This could be in the form of a full warranty payment or a partial payment.

But you get nothing without asking the dealer to get the DSM involved and ideally the owner should be available directly or by phone if the DSM wishes to discuss the concern.
Notice I said the dealer must initiate the request, so don't bother rattling Chevrolets cage. The folks on the phones are not in a position to over ride warranty or make case by case decisions.

Make certain you have good records of service to support your request.

Rob


----------



## wasney (Mar 3, 2015)

I am not saying don't try. That won't hurt anything. I am just saying do not get your hopes up. lol


----------



## Alex V. (Sep 20, 2013)

I agree with some here, if it's undeniably a casting quality issue then I'd like GM to step up for it. Even if it's out of warranty, it's not of such age or mileage that anything like this should be happening. However I'd not be dissatisfied if it takes a while to get to the right people to rectify the situation.


----------



## Chevy Customer Care (Oct 29, 2011)

Barnowl said:


> Hi All, I have a 2011 Cruze LTZ with 72000 miles. Recently out of powertrain warranty. It has a manufacturing defect the dealer just made me aware of. I had a miss at 75 MPH but no codes. Next day my wife said it had a Stabilitrac service indicator on. I took it in to the dealer expecting the well known intake manifold problem. I fell off my chair when the dealer said I need a new cylinder head ! It never overheated and I have a mechanical background. I went there and asked to speak to the mechanic which they allowed (great dealership). He showed me the problem which was unbelievable. The aluminum casting of the head is full of air spaces allowing hot coolant and oil to weep through the metal and slowly accumulate in the bore where the spark plug is housed (on top of the head, not in the combustion chamber). Fluid builds up and eventually floods the spark plug bore and shorts the spark plug center electrode to the cylinder wall (ground) causing the miss fire. The GM mechanic said he has seen four of these himself. Some under warranty and some not. He said one had a leak in the block and the other three were cylinder heads.

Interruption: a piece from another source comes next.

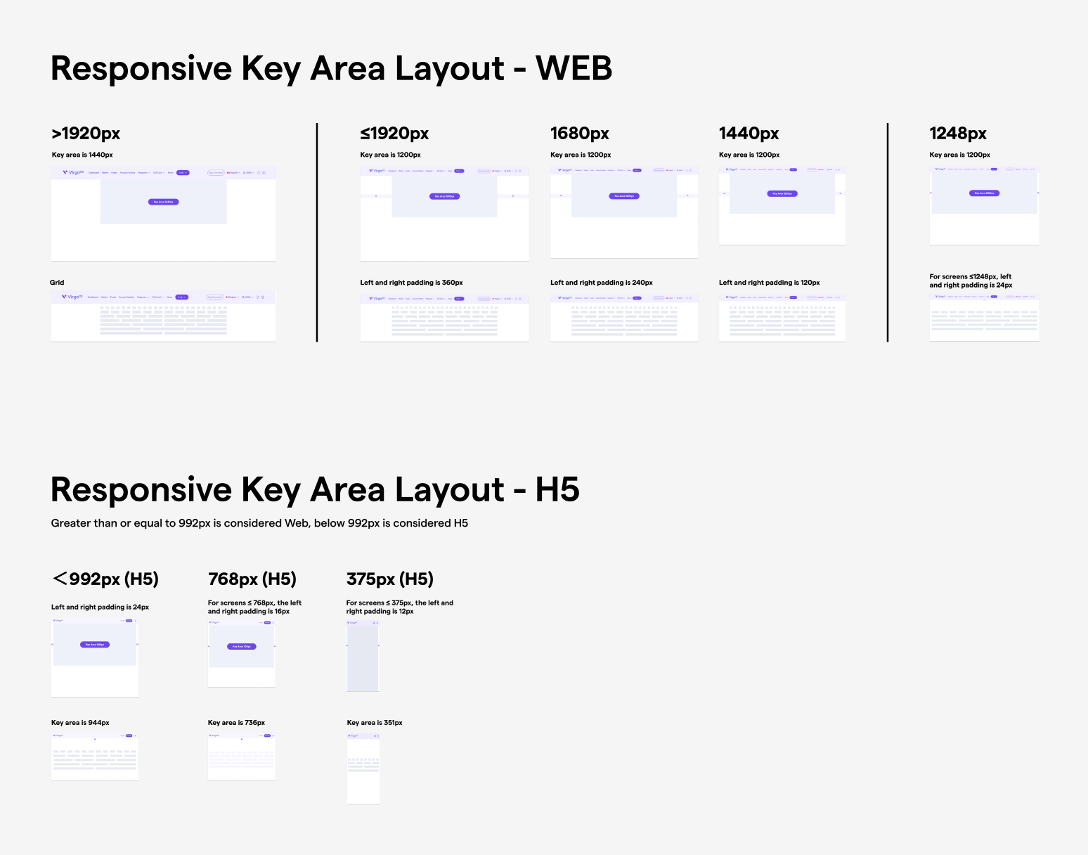 In this design system, a responsive key area layout was established for Web and H5 platforms to maintain consistent spacing and alignment across screen sizes. For Web (≥1248px), the key area spans 1200–1440px with 24–360px horizontal padding, while H5 (<992px) adopts a mobile-first approach, scaling the key area from 944px to 351px with 24–12px padding. This approach ensures visually balanced, user-friendly content and provides clear guidelines for responsive layout implementation.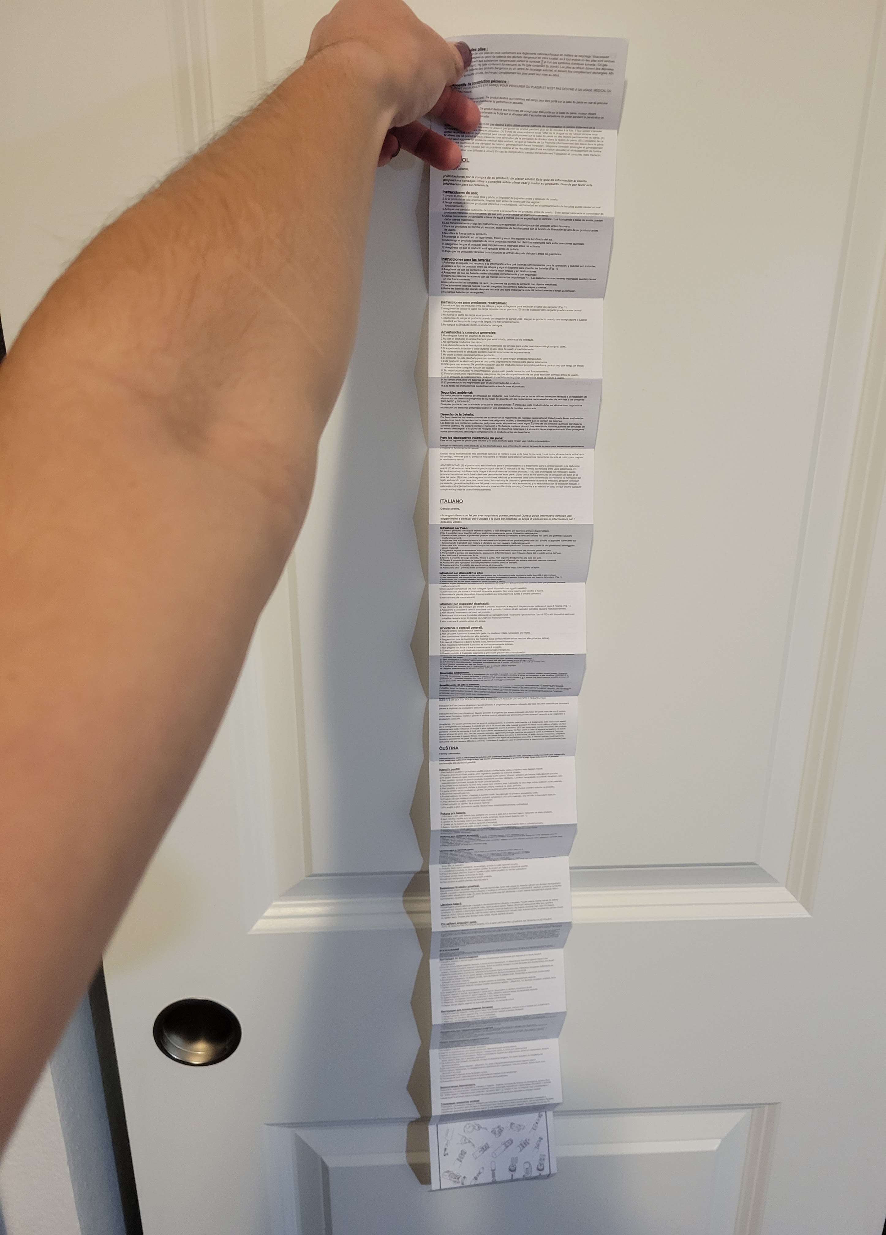 The packaging was broken down into three parts. The box was standard and very easy to open at the top. Inside, the toy and harness are packed in a plastic wrap with the harness in its own packaging. The plastic included tear areas, so opening the plastic was very quick and easy. The instructions that come with the product are base instructions for more than this specific product. The instructions go over cleaning, use, and battery-operated items. The battery operating instructions included a small visual of the different types of battery packs a toy could include. The biggest reason why the instructions are so long is that it includes nine different languages from English, Italiano to Russian. I feel this creates great accessibility when instructions can come in many different languages and pictures. I really appreciate this and would love to see it more for toys in general.

Unfortunately GM has not issued a (silent) recall for this so I am facing a $3800.00 repair bill to replace a cylinder head that is working perfectly if not for a manufacturing defect. The mechanic told me they have re designed the head but what about my aluminum block? will it be next? I have owned many Chevrolet's and this is really concerning. We love the car but now I don't trust it. Has anyone else had this problem? I am sick about this.


Hello Barnowl, 

I regret to hear that you are experiencing this concern, and would love the chance to look into your situation further. At your earliest convenience, please send a private message with your VIN, current mileage, the name of the dealership you’re working with, and your full contact information. 

Best, 
Cecil J. 
Chevrolet Customer Care


----------



## NickD (Dec 10, 2011)

Major cause of aluminum head failure is over heating, porosity is rare, but what is the real problem? Loose head bolt? Never know until you look, and the head has to be removed first to do this.

New head runs about $500.00, head gasket $13.00, head bolts, $35.00, shop manual says 12 hours for labor, well under $3,800.00. While crushing unibodies are great for passenger protection, not good for repairs, plenty of low mileage engines on the market in the $500.00 range. Easier to replace it than attempt to repair it inside of the hood. Just some alternative if all else fails.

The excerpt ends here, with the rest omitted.